Unable to think of a good reply to such a difficult conundrum, I blink at her and plummet into sleep as soon as my head touches the bliss of my memory foam pillow.
Chapter Five
I’m disembodied. This reminds me of playing a virtual reality game, one where I look down and, instead of my breasts, see a fu
turistic gun, or whatever else the game designers decided. In this case, I see a wall with a large clock above rows upon rows of gray metal squares. It’s a sight CSI shows regularly feature—the inside of a morgue.
Unlike the disembodiment of VR, though, I can smell my surroundings, though I wish I couldn’t. The chlorine and faint perfume scents aren’t masking the stench of death, and the worst part is that I recognize the putrid fumes from somewhere.
According to the digital clock on the wall, it’s 5:29 a.m. on Monday morning. Does this mean I have to get up for work soon? And if so, wouldn’t I need to locate my body first?
A woman enters the room. She has a heart-shaped face, and the outline of her lips mirrors it, though her mouth reminds me more of a spade (as in, playing cards)—in part thanks to the blackness of the lipstick. Her eyes and hair are also black, with metallic undertones in the fluorescent lights. With her black skirt and white lacy top, her outfit is more fitting for a cocktail party than the morgue, but her earlobes are adorned with dangling earrings that end in little skulls.
Reaching into her tiny black purse, she takes out a smartphone and begins to look around.
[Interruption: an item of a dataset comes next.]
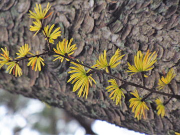 イヌカラマツは、中国原産のマツ科落葉樹である。中国東南部の標高1000~1200m級の山地に自生が見られる樹種である。樹高は40mにも達する。秋には、我が国のカラマツよりも美しい黄金色に染まる。葉も我が国のカラマツよりも広くて長い。 | ||

I guess she doesn’t find whatever she’s looking for, because she grunts disapprovingly and reaches for the nearest metal square, pulling it out with a screech.
Unsurprisingly, there’s a dead body inside.
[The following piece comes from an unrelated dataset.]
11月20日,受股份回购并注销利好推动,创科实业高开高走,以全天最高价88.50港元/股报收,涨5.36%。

It’s a man in his forties. His gray skin hue looks oddly familiar and has something to do with the smell. I can’t recall what, though. My memory must not work as well without my physical brain.
The woman studies the corpse intently. Walking up to his head, she opens his mouth and puts her phone there, as if that were a perfectly reasonable perch for it.
The phone doesn’t stay put in the corpse’s mouth, and the woman’s lips purse in obvious annoyance.
With an angry motion, she reaches into her purse again and takes out a knife. It’s butterfly style, where the blade sits between two handles.
With a whoosh, she stylishly opens the knife with a well-rehearsed flourish that the performer in me can appreciate.